START Information given
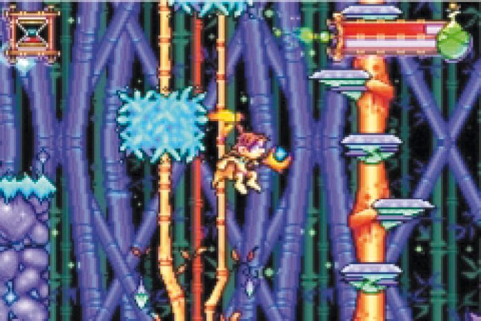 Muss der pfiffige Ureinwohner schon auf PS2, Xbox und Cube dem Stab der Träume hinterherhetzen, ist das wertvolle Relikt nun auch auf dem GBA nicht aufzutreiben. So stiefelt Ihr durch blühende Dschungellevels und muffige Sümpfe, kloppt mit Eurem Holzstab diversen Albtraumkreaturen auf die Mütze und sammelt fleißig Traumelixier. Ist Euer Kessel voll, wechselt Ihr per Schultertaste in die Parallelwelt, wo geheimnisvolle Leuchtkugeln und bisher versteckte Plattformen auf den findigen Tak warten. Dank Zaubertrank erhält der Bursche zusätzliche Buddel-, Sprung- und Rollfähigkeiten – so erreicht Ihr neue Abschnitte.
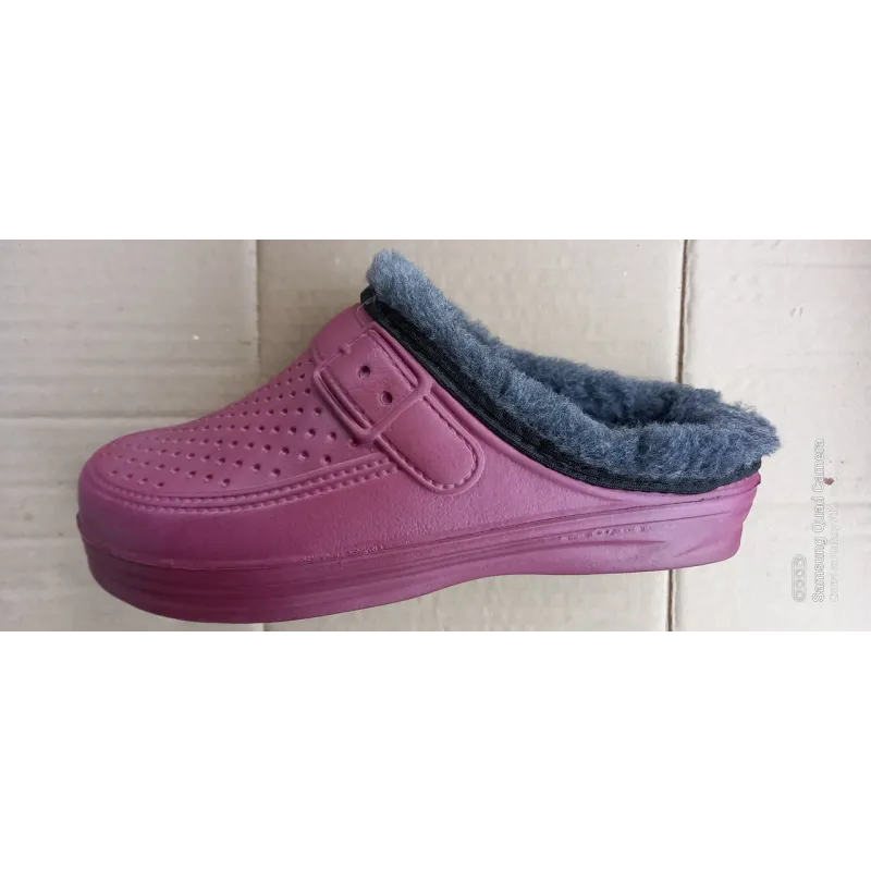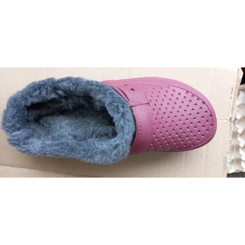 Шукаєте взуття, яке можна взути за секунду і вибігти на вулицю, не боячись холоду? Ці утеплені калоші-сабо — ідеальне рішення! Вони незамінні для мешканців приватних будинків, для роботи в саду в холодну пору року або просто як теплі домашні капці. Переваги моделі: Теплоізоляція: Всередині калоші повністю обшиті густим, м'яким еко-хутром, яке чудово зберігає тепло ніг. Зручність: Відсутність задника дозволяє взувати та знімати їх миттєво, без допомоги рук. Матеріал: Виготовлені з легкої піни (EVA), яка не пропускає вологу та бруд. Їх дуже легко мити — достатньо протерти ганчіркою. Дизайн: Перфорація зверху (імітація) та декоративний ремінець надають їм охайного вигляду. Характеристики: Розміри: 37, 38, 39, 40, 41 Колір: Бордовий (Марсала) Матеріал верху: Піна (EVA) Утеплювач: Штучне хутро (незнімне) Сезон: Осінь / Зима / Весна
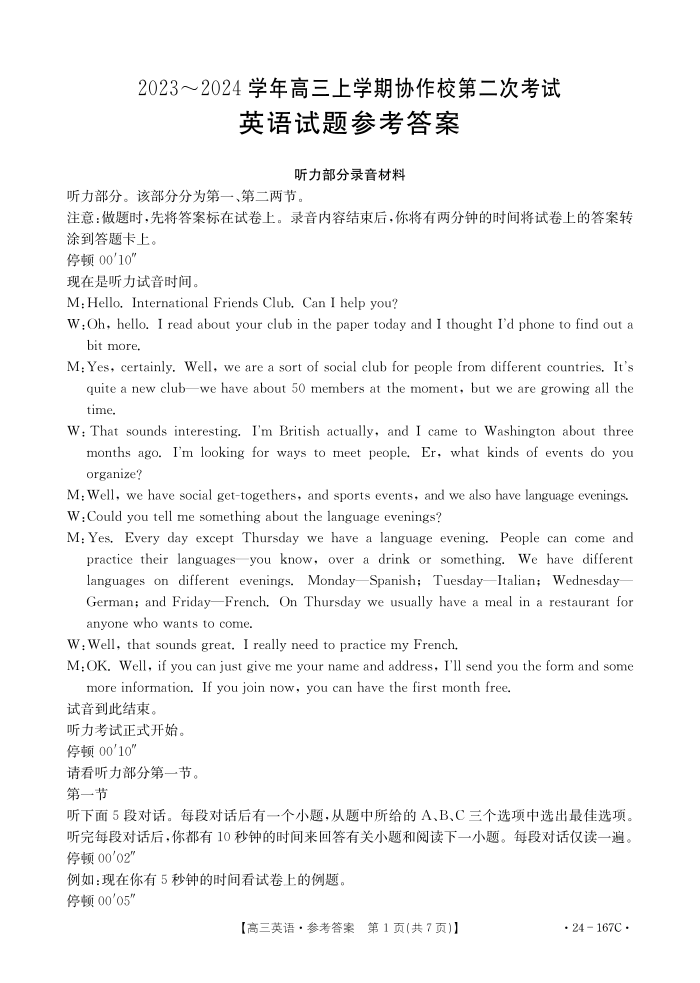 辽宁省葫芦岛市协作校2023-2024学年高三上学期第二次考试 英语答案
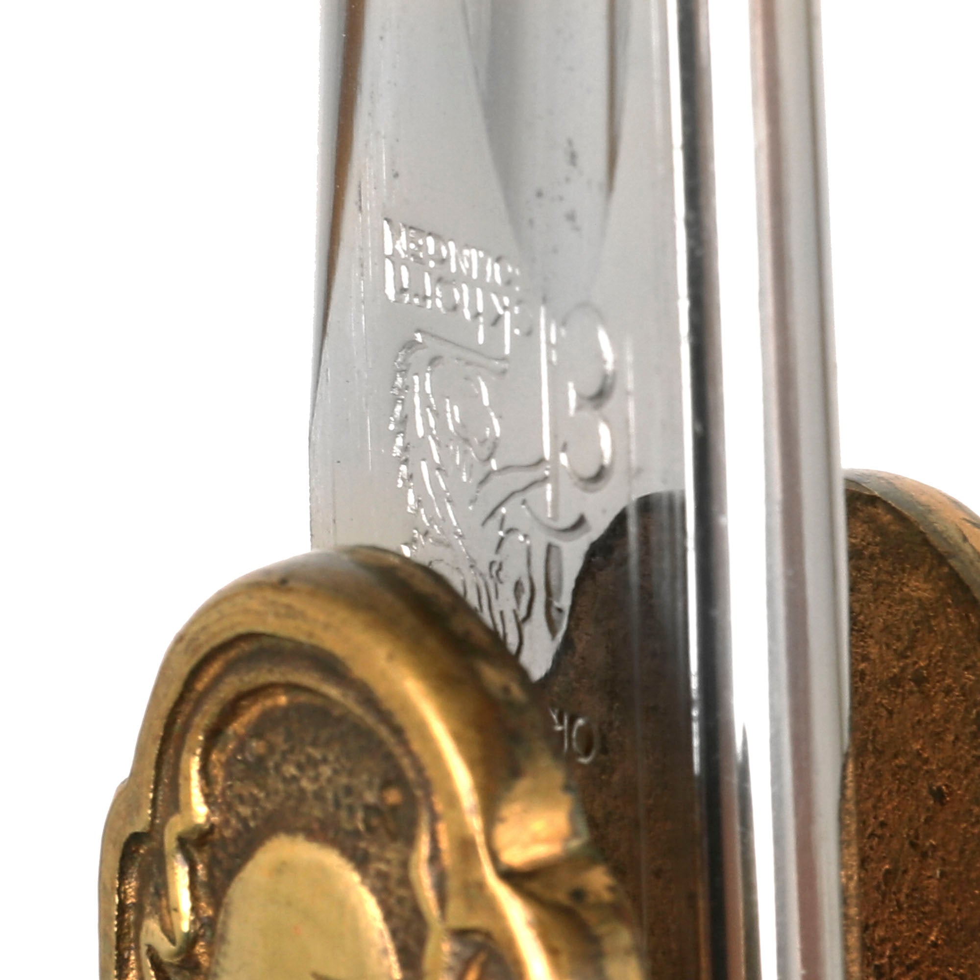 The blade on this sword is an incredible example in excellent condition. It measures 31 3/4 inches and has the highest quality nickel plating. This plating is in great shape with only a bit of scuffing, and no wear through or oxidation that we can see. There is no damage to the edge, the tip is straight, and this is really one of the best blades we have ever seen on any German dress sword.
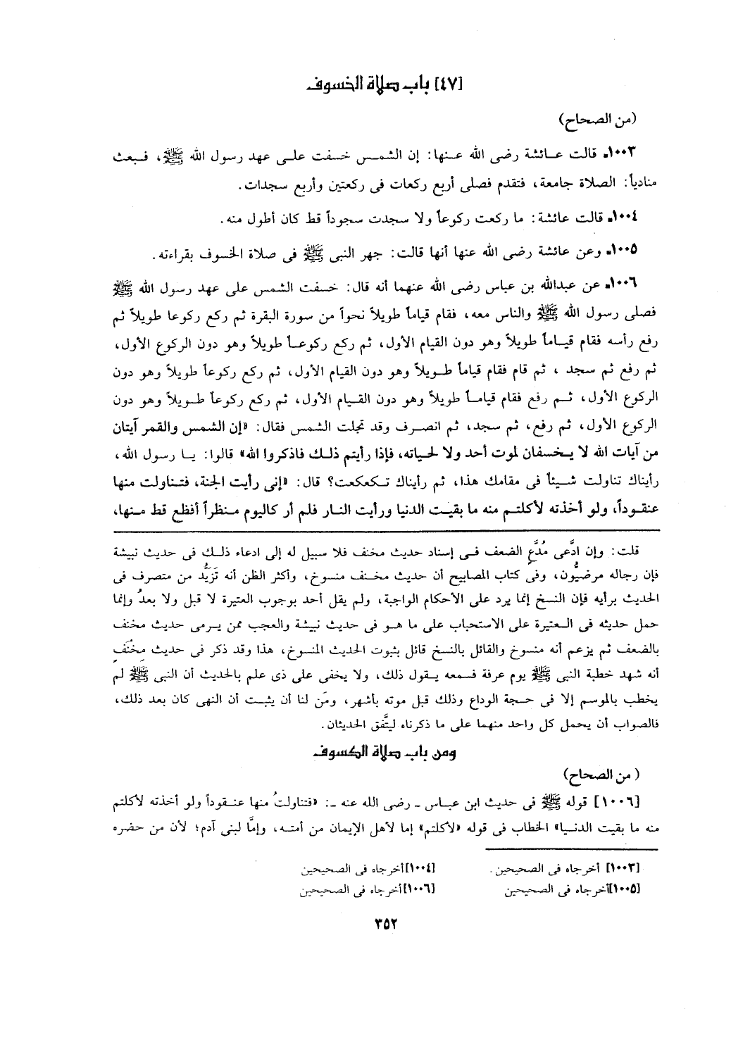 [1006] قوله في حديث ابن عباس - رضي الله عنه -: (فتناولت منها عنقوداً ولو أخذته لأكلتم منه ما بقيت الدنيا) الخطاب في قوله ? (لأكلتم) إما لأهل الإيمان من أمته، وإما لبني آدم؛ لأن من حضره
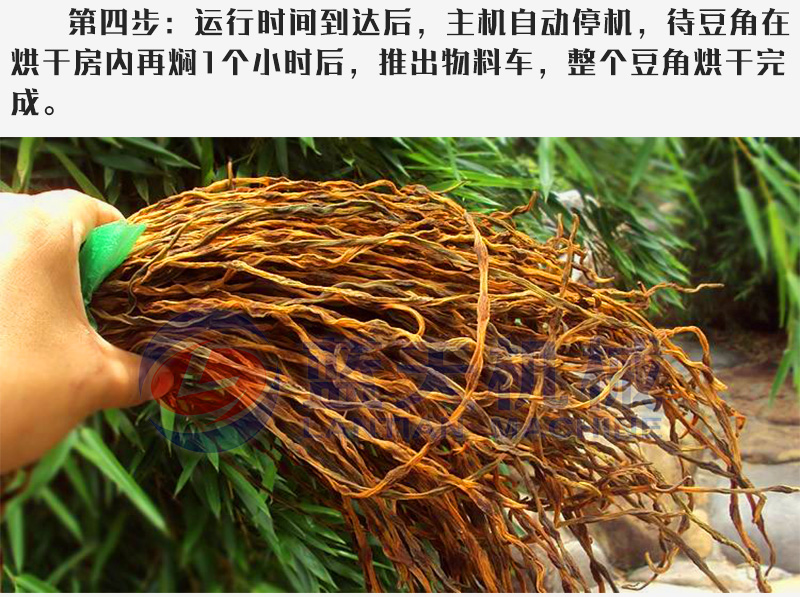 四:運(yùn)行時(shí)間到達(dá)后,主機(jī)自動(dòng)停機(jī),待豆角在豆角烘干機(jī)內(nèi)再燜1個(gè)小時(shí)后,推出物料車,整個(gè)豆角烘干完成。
END Information given
Exactly as they appear above, write out all the entries, without pictures.

 Muss der pfiffige Ureinwohner schon auf PS2, Xbox und Cube dem Stab der Träume hinterherhetzen, ist das wertvolle Relikt nun auch auf dem GBA nicht aufzutreiben. So stiefelt Ihr durch blühende Dschungellevels und muffige Sümpfe, kloppt mit Eurem Holzstab diversen Albtraumkreaturen auf die Mütze und sammelt fleißig Traumelixier. Ist Euer Kessel voll, wechselt Ihr per Schultertaste in die Parallelwelt, wo geheimnisvolle Leuchtkugeln und bisher versteckte Plattformen auf den findigen Tak warten. Dank Zaubertrank erhält der Bursche zusätzliche Buddel-, Sprung- und Rollfähigkeiten – so erreicht Ihr neue Abschnitte.
 Шукаєте взуття, яке можна взути за секунду і вибігти на вулицю, не боячись холоду? Ці утеплені калоші-сабо — ідеальне рішення! Вони незамінні для мешканців приватних будинків, для роботи в саду в холодну пору року або просто як теплі домашні капці. Переваги моделі: Теплоізоляція: Всередині калоші повністю обшиті густим, м'яким еко-хутром, яке чудово зберігає тепло ніг. Зручність: Відсутність задника дозволяє взувати та знімати їх миттєво, без допомоги рук. Матеріал: Виготовлені з легкої піни (EVA), яка не пропускає вологу та бруд. Їх дуже легко мити — достатньо протерти ганчіркою. Дизайн: Перфорація зверху (імітація) та декоративний ремінець надають їм охайного вигляду. Характеристики: Розміри: 37, 38, 39, 40, 41 Колір: Бордовий (Марсала) Матеріал верху: Піна (EVA) Утеплювач: Штучне хутро (незнімне) Сезон: Осінь / Зима / Весна
 辽宁省葫芦岛市协作校2023-2024学年高三上学期第二次考试 英语答案
 The blade on this sword is an incredible example in excellent condition. It measures 31 3/4 inches and has the highest quality nickel plating. This plating is in great shape with only a bit of scuffing, and no wear through or oxidation that we can see. There is no damage to the edge, the tip is straight, and this is really one of the best blades we have ever seen on any German dress sword.
 [1006] قوله في حديث ابن عباس - رضي الله عنه -: (فتناولت منها عنقوداً ولو أخذته لأكلتم منه ما بقيت الدنيا) الخطاب في قوله ? (لأكلتم) إما لأهل الإيمان من أمته، وإما لبني آدم؛ لأن من حضره
 四:運(yùn)行時(shí)間到達(dá)后,主機(jī)自動(dòng)停機(jī),待豆角在豆角烘干機(jī)內(nèi)再燜1個(gè)小時(shí)后,推出物料車,整個(gè)豆角烘干完成。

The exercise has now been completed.